Gadis itu menggeleng. Melihat senyumnya yang tampan, mata Liora memanas dan hidungnya sedikit masam. Ada keinginan kuat untuk menangis namun dia harus menahannya.

“Ngapain jalan di belakang? Sini di sebelah gue.” Saat mengatakan itu, Archeron sengaja memperlambat langkahnya karena Liora kembali tertinggal di belakang.

Tatkala Liora sudah berjalan di sampingnya, Archeron kembali bersuara, “Kayaknya ini peringatan buat lo.”

Seketika Liora menoleh dan mendongak menatap Archron. “Hah?”

Ekspresi cengo gadis itu membuat Archeron ingin mengacak rambutnya namun tidak bisa karena kedua tangannya sedang memegang meja.

“Gue rasa orang itu kasih lo peringatan.”

“Tapi kenapa?”

“Mungkin karena lo deket sama gue?” Tebak Archeron.

Dengan segera Liora menyangkal, “Gak mungkin. Menurut gue sih orang itu ngirim ke gue biar buat lo ngerasa terkikis aja secara mental.”

Merasa Archeron ingin membantah, Liora segera menyela, “Percaya sama gue.”

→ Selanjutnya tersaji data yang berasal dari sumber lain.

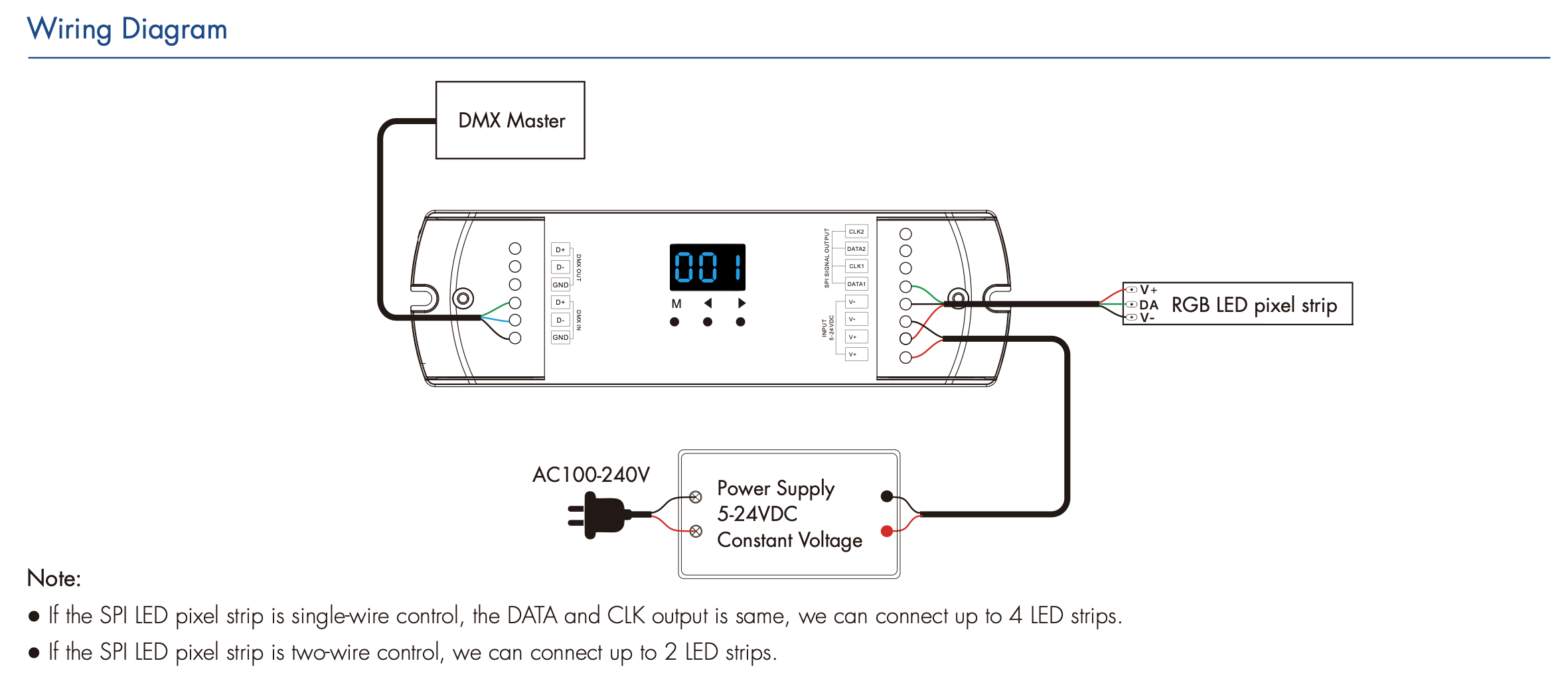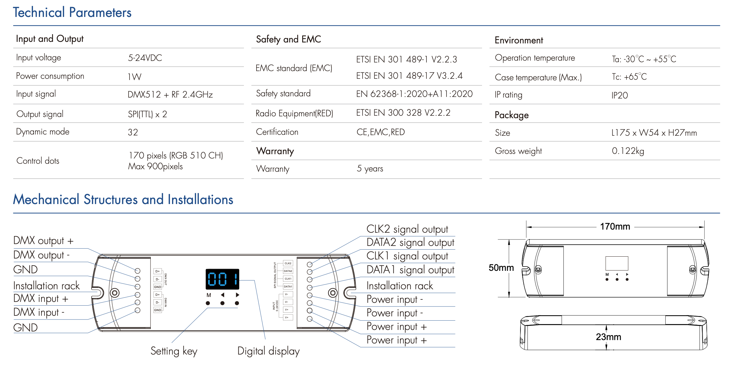 - Kompatybilny z 47 rodzajami cyfrowych pasków LED RGB lub RGBW, z możliwością ustawienia typu IC oraz kolejności R/G/B

Mendengar itu, Archeron mengurungkan niatnya dan menatap ke depan dengan senyum dangkal.

Liora kembali ke kelas dengan tenang. Dibantu Archeron dan sahabat-sahabatnya, meja baru siap untuk dia gunakan.

Selama pelajaran berlangsung gadis itu sedikit tidak konsen. Dia merasa ada sesuatu yang kurang. Dan ketika secara tidak sengaja menyentuh sesuatu di sakunya, matanya sedikit melebar.

Dengan segera Liora meminta izin ke kamar mandi, masuk ke salah satu bilik dan duduk di atas kloset yang tertutup.

Jantungnya sedikit berdebar ketika mengeluarkan amplop berwarna merah muda itu. Sengaja dia menyembunyikannya ketika menemukannya. Dia merasa tidak nyaman dengan keberadaan amplop ini.

Tangannya terasa dingin seperti memegang es. Menghela napas pelan, Liora bergumam pada diri sendiri.

“Gak papa, Ra. Lo cewek strong.”

Tangannya perlahan membuka amplop tersebut. Di dalamnya terdapat sepucuk kertas berwarna putih. Ragu-ragu sejenak, Liora tidak ada pilihan selain membukanya.

Melihat tinta merah yang terukir di atas kertas tersebut, napas Liora tersendat.